**WHAT YOU WILL DO**
What you write should be an exact repeat of the lines from the one with "Part of the" through the final line below, minus the pictures.

**DATA PROVIDED**
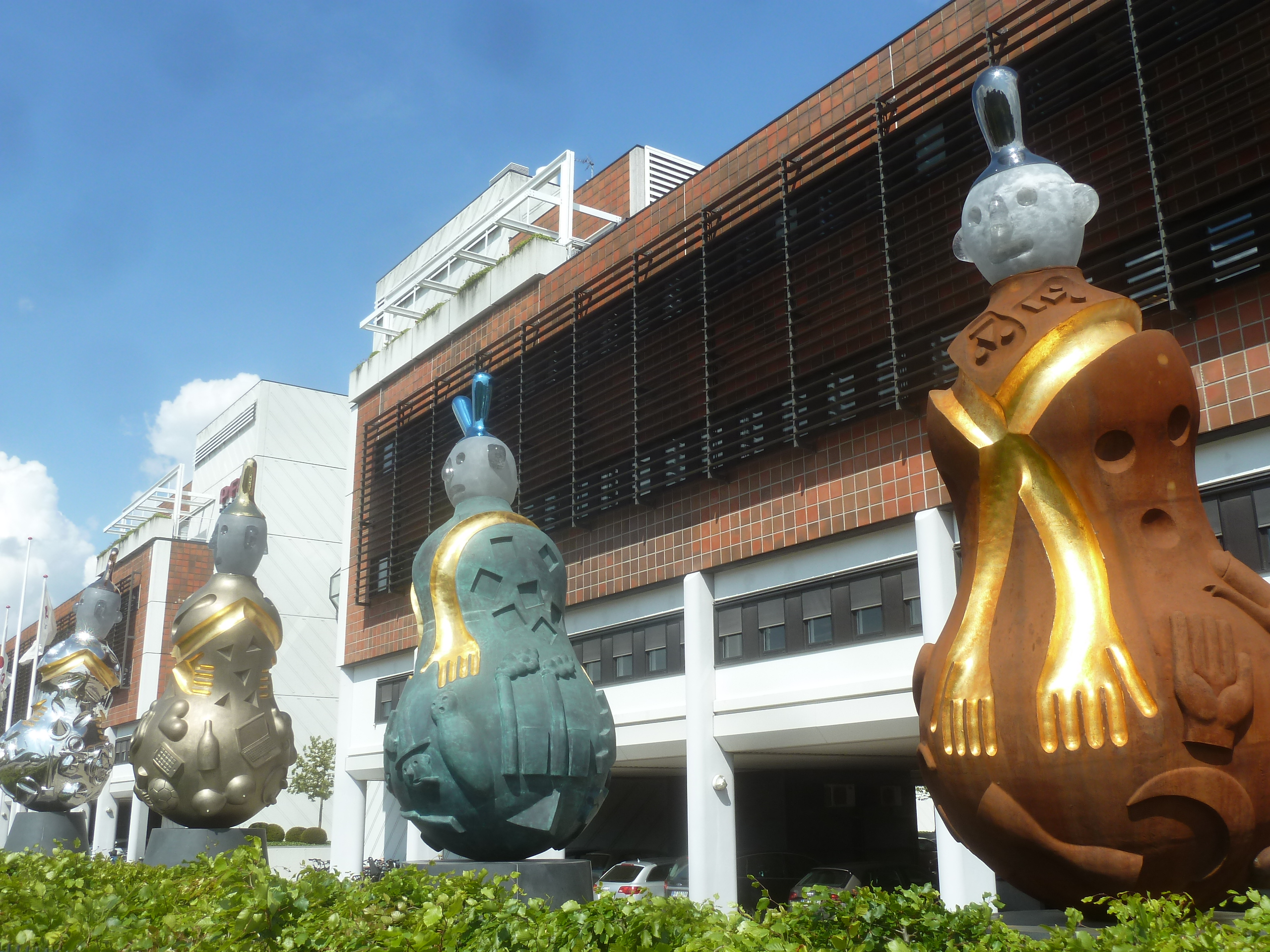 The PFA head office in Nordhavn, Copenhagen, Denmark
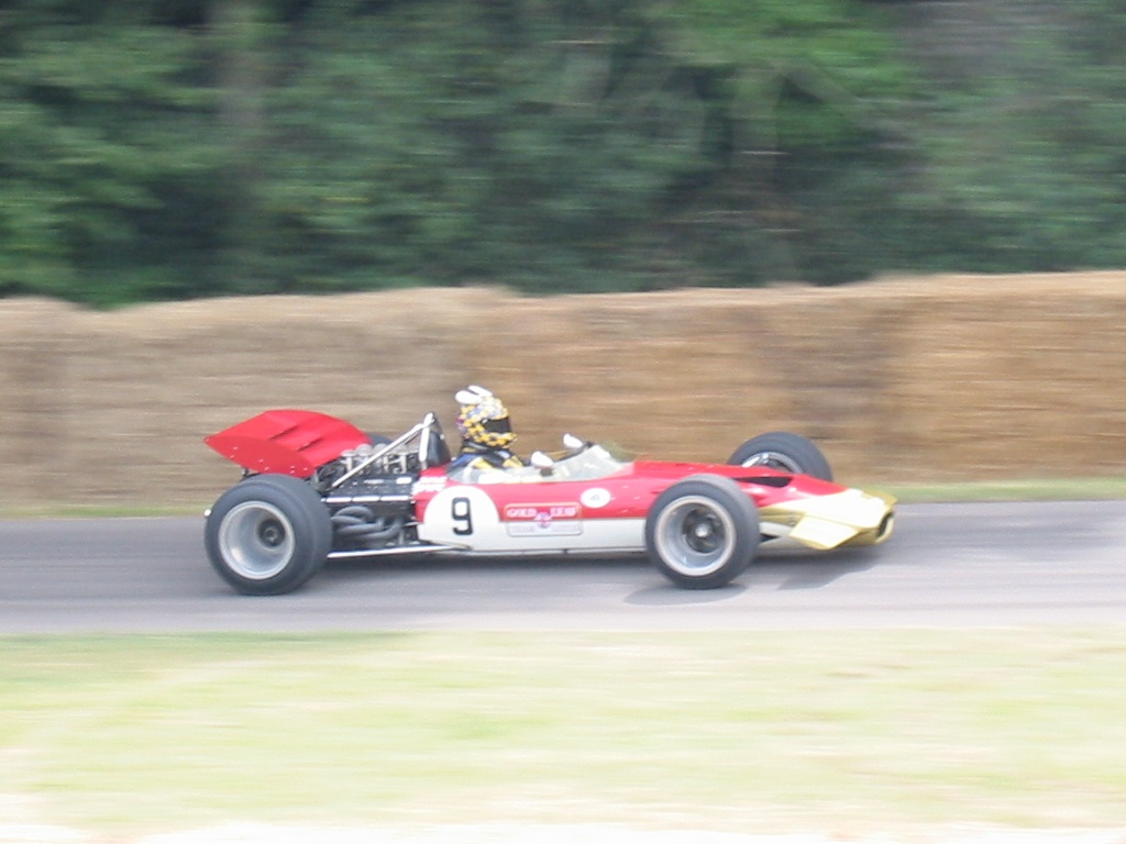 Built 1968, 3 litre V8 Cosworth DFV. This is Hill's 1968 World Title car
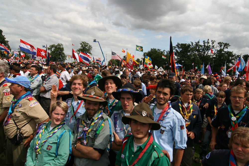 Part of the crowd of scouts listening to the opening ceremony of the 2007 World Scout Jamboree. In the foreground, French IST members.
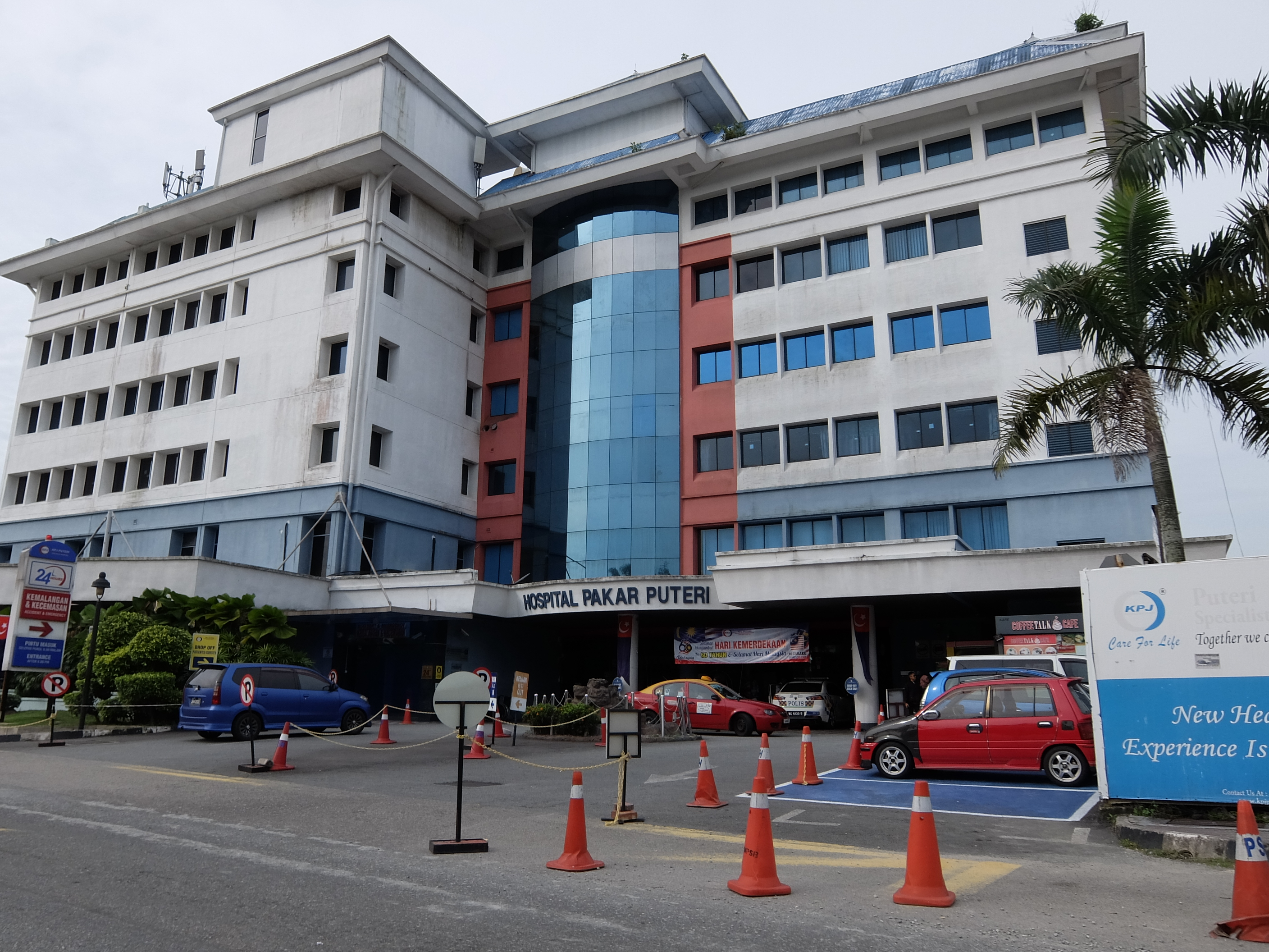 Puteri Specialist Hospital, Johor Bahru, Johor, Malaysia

**TASK OUTPUT**
 Part of the crowd of scouts listening to the opening ceremony of the 2007 World Scout Jamboree. In the foreground, French IST members.
 Puteri Specialist Hospital, Johor Bahru, Johor, Malaysia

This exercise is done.